When druid.auth.authenticationChain is left empty or unspecified, Druid will create an authentication chain with a single AllowAll Authenticator named "allowAll".

When druid.auth.authorizers is left empty or unspecified, Druid will create a single AllowAll Authorizer named "allowAll".

The default value of druid.auth.escalatedAuthenticator is "allowAll" to match the default unsecured Authenticator/Authorizer configurations.

Authenticator to Authorizer Routing

When an Authenticator successfully authenticates a request, it must attach a AuthenticationResult to the request, containing an information about the identity of the requester, as well as the name of the Authorizer that should authorize the authenticated request.

An Authenticator implementation should provide some means through configuration to allow users to select what Authorizer(s) the Authenticator should route requests to.

Internal System User

Internal requests between Druid nodes (non-user initiated communications) need to have authentication credentials attached.

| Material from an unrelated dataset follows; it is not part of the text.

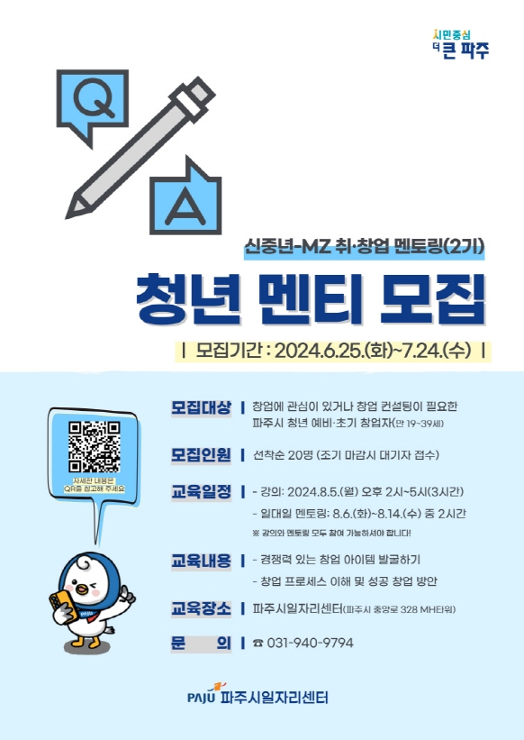 파주시가 6월 25일부터 7월 24일까지 ‘신중년-엠제트(MZ) 취창업 멘토링 프로그램’에 참여할 청년 참여자를 모집한다.

These requests should be run as an "internal system user", an identity that represents the Druid cluster itself, with full access permissions.

The details of how the internal system user is defined is left to Authorizer and Authenticator implementations.

Authorizer Internal System User Handling

Authorizers implementations must recognize and authorize an identity for the "internal system user", with full access permissions.

Authenticator Internal System User Handling

Authenticators must implement three methods related to the internal system user:

  public HttpClient createEscalatedClient(HttpClient baseClient);

  public org.eclipse.jetty.client.HttpClient createEscalatedJettyClient(org.eclipse.jetty.client.HttpClient baseClient);

  public AuthenticationResult createEscalatedAuthenticationResult();

createEscalatedClient returns an wrapped HttpClient that attaches the credentials of the "internal system user" to requests.

createEscalatedJettyClient is similar to createEscalatedClient, except that it operates on a Jetty HttpClient.

createEscalatedAuthenticationResult returns an AuthenticationResult containing the identity of the "internal system user".